To create local changes optimally, as shown above, an integrated design and simulation workflow is a must. However, traditional mesh-based FEA tools often break the design iteration workflow because of bottlenecks such as meshing and representation conversion, that are time-consuming and/or require considerable manual effort between design tuning and simulation.
Intact.Simulation for Rhino Grasshopper makes rapid automated design iterations possible.
Predicting how to tune a design’s parameters is incredibly simple using Intact.Simulation. Intact uses Immersed Method of Moments (IMM) technology which, put simply, eliminates defeaturing, representation conversion, and meshing from the loop enabling rapid and effortless design iterations. When ready for validation, a high-fidelity model for the finalized part can be simulated by the same workflow without additional preprocessing.
Example Design Study: Local Mass Reduction of a Housing Panel
Mass savings often directly translate to cost savings and can also be critical to performance depending on the application, such as automotive parts.
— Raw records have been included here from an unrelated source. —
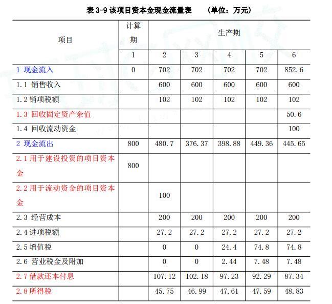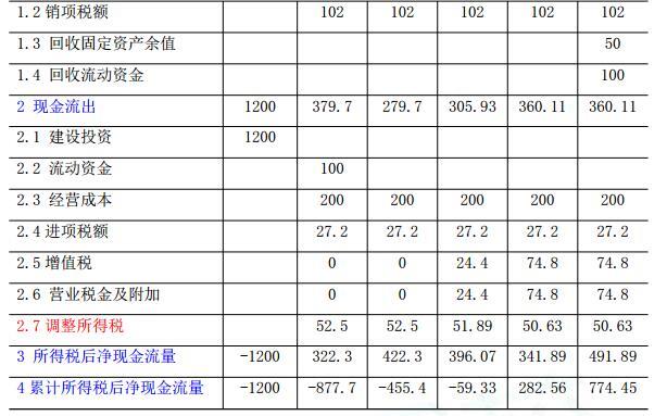 (2)现金流入中应增加销项税额,现金流出中应增加进项税额和增值税。理由:考虑可抵扣固定资产进项税引起的影响。
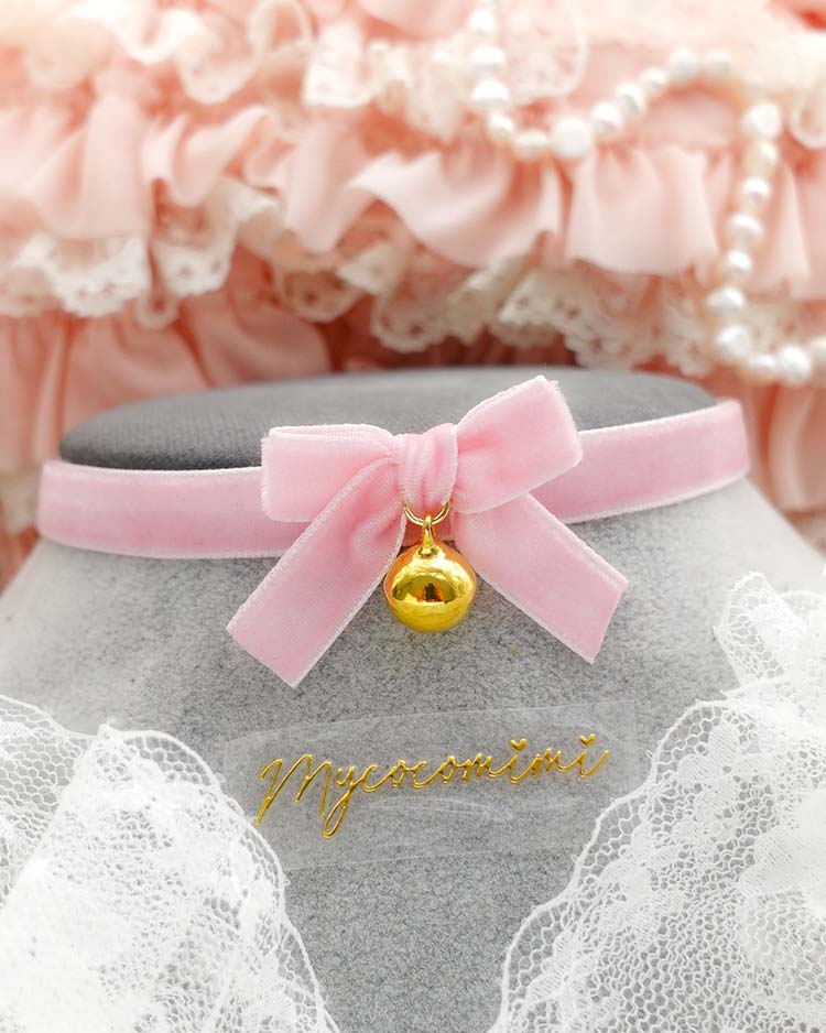 Baby Pink Velvet Choker Necklace with Small Bow and Gold Bell , Tiny cute skinny choker necklace, coquette kitten play day collar
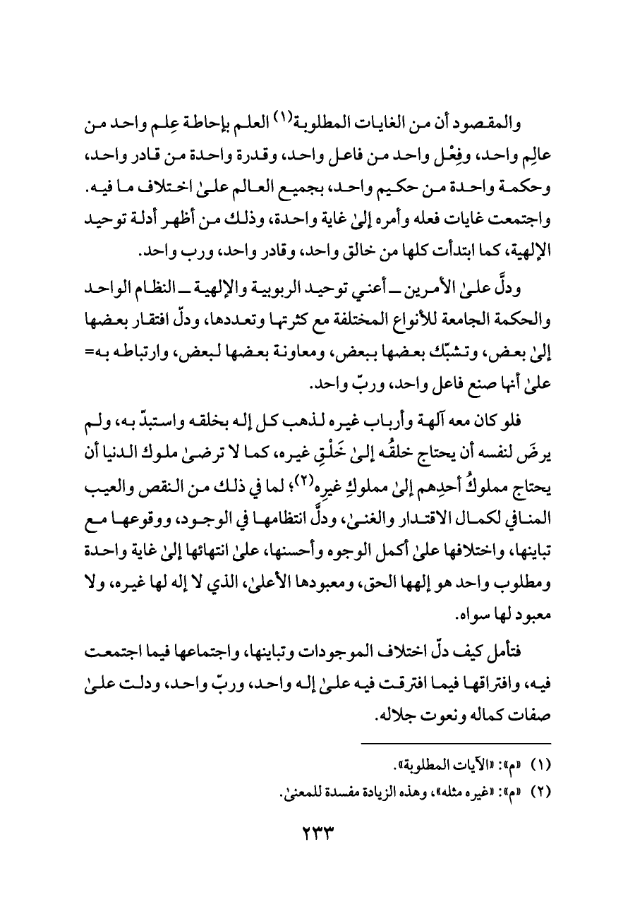 والمقصود أن من الغايات المطلوبة (¬١) العلم بإحاطة عِلم واحد من عالِم واحد، وفِعْل واحد من فاعل واحد، وقدرة واحدة من قادر واحد، وحكمة واحدة من حكيم واحد، بجميع العالم على اختلاف ما فيه. واجتمعت غايات فعله وأمره إلى غاية واحدة، وذلك من أظهر أدلة توحيد الإلهية، كما ابتدأت كلها من خالق واحد، وقادر واحد، ورب واحد.

In this study an overdesigned housing panel is investigated by locally removing material based on simulation feedback to reduce mass while retaining stiffness where possible, fig 4. Specifically, the part should retain a 1st elastic mode above 1800 Hz which has a proportional relationship to its stiffness and an inversely proportional relationship to its mass.
To start, the initial housing panel is loaded with uniform pressure and restrained at various holes. From this load case, the von Mises stress distribution is sampled at points near areas where parametric design changes occur. In this case, those areas correspond to where the specified extrusion surfaces are to remove material without interfering with any holes or other essential design aspects. This is used to inform how much material to take away, with low-stress areas indicating more material can be removed and high-stress areas indicating the material should be removed minimally or not at all. Finally, the new design’s stress is resampled to inform the next iteration of material removal in an automated loop until the desired outcome is achieved, fig 5.
It can be seen from this that the cutting extrusion increases varyingly in area and depth at each iteration as determined by the sampled stress fields. The final iteration has a mass of 1.16 kg while maintaining a 1st elastic mode above the target frequency of 1800 Hz, yielding a 25% mass decrease with the desired performance. Next, the localized simulation-driven design is compared against the naive approach of cutting by a uniform extrusion depth throughout the housing, fig 6.
The naive approach of uniform extrusion depth with the 1st mode near the target frequency has a mass of 1.33 kg while the simulation-driven iterations at a similar 1st mode is 1.16 kg showing that the simulation-driven part has a more efficient design. Specifically, simulation-driven local design changes yielded a similarly performant part while reducing the mass by 13%.
Summary
As seen from the design study’s results, more closely integrating simulation with the design process can result in large design improvements. By leveraging simulation feedback to inform local design changes parts can be made that are lighter and more efficient for their designed use. To enable these improvements, Intact.Simulation integrates seamlessly into the design workflow with its meshless simulation and ability to iterate automatically without manual pre-processing.